# Task requirements
The required result is one figure, the count of lines below with the string "small" in them.
===== Exercise data =====
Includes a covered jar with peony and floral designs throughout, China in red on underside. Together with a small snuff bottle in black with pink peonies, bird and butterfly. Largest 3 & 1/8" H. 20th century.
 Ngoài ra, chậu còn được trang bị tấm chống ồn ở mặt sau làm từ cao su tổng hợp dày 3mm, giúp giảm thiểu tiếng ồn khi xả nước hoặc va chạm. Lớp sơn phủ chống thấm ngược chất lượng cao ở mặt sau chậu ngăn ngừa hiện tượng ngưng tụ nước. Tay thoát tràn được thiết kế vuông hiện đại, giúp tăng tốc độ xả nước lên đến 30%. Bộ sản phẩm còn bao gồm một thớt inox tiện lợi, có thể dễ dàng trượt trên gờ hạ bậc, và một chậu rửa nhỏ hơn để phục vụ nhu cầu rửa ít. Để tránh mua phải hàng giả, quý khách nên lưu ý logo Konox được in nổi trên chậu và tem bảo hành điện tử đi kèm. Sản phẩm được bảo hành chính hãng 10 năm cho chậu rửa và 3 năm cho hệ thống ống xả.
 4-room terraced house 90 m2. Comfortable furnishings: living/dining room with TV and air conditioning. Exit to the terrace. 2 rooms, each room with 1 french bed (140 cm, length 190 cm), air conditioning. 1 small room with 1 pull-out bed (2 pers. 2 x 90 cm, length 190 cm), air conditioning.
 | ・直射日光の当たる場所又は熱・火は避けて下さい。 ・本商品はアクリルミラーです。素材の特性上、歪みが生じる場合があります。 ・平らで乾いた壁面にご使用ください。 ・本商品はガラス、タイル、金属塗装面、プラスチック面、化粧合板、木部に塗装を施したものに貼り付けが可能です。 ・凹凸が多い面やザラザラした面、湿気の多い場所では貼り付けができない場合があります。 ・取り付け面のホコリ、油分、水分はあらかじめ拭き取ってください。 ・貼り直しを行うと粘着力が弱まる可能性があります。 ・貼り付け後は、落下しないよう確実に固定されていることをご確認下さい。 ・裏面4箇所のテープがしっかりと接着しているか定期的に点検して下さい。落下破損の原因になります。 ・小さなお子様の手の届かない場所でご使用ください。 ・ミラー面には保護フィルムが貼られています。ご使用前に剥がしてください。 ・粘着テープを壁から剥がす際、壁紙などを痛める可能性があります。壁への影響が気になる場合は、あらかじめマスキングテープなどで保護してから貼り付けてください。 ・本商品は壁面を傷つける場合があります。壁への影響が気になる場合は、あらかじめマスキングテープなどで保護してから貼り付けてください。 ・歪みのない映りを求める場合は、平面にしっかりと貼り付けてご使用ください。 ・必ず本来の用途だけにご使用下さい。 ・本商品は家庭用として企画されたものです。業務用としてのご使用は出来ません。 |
=====
# Response box
2